To motivate the use of matrices in R, we will pose six tasks related to the handwritten digits data and then show the fast and simple code that solves them.

1\. Visualize the original image. The pixel intensities are provided as rows in a matrix. We will show how to convert these to a matrix that we can visualize.

2\. Do some digits require more ink to write than others? We will study the distribution of the total pixel darkness and how it varies by digits.

3\. Are some pixels uninformative? We will study the variation of each pixel across digits and remove predictors (columns) associated with pixels that don't change much and thus can't provide much information for classification.

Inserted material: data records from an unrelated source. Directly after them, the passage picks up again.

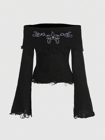 ROMWE Hippie 一字肩鐘形袖花卉刺繡仿舊邊套頭毛衣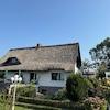 Das reetgedeckte Einfamilienhaus mit seinem weißen, rustikalen Klinker steht auf einem sonnigen Grundstück direkt am Feldrand.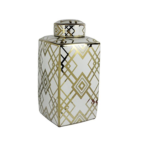 Sagebrook Home Decorative Ceramic Square Covered Jar, White, 9.25x9.25x18, Gold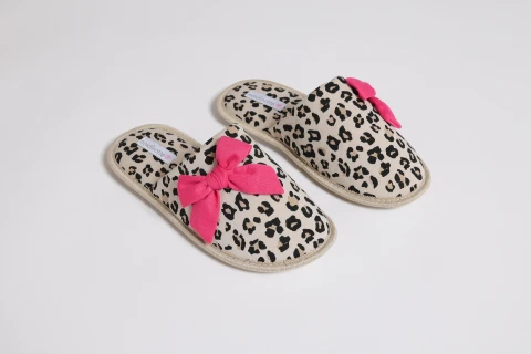 Pantofola donna cotone ghepy con stampa maculata e applicazione fiocco rosa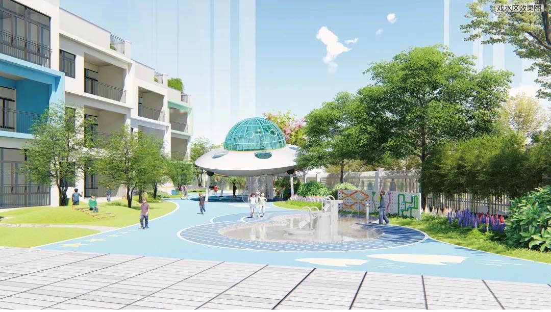 幼儿园建筑共三层,总面积超过3600平米,外观整体色调以米黄色为主。筹建初期,考虑到“儿童是空间最灵活跳跃的元素”,幼儿园在设计上充分结合儿童活泼好动的特性,采用“空间+家具+日常装饰+孩子”的理念,利用色彩、自然、科技等元素打造一个以探秘宇宙·亲近自然为主题的幼儿园景观环境。幼儿园顺应儿童天性,发展儿童个性,3-6岁儿童在这里不仅可以学到知识,还可以通过各类游戏互动,接触集体生活,培养良好的生活习惯。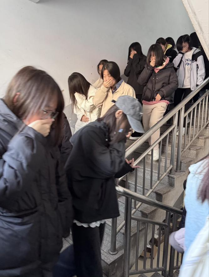 以练为战筑防线 防患未“燃”护平安。活动主持人向学生普及宿舍火灾常见诱因、初期火灾扑救方法、火场逃生技巧等核心知识。为让知识真正落地,模拟“火情”突发,学生们在工作人员的引导下,用手捂住口鼻,弯腰低姿沿宿舍的安全通道快速撤离,全程不推挤、不慌张,从容有序地向指定的篮球场空旷区域集结。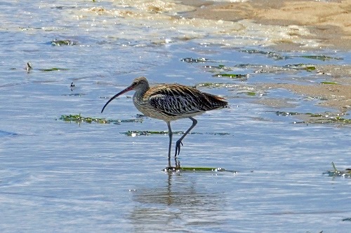 | 奥の個体は腰が褐色ぽい。 | 後ろを向くと褐色が目立ちホウロクシギ。全長 52-66cm |

4\. Can we remove smudges? We will first look at the distribution of all pixel values. Next, we will use this to pick a cutoff to define unwritten space. Then, we set anything below that cutoff to 0.

5\. Binarize the data. First, we will look at the distribution of all pixel values. We will then use this to pick a cutoff to distinguish between writing and no writing. Afterward, we will convert all entries into either 1 or 0.

6\. Standardize the digits. We will scale each of the predictors in each entry to have the same average and standard deviation.

To complete these, we will have to perform mathematical operations involving several variables. The **tidyverse** or **data.table** are not developed to perform these types of mathematical operations. For this task, it is convenient to use matrices.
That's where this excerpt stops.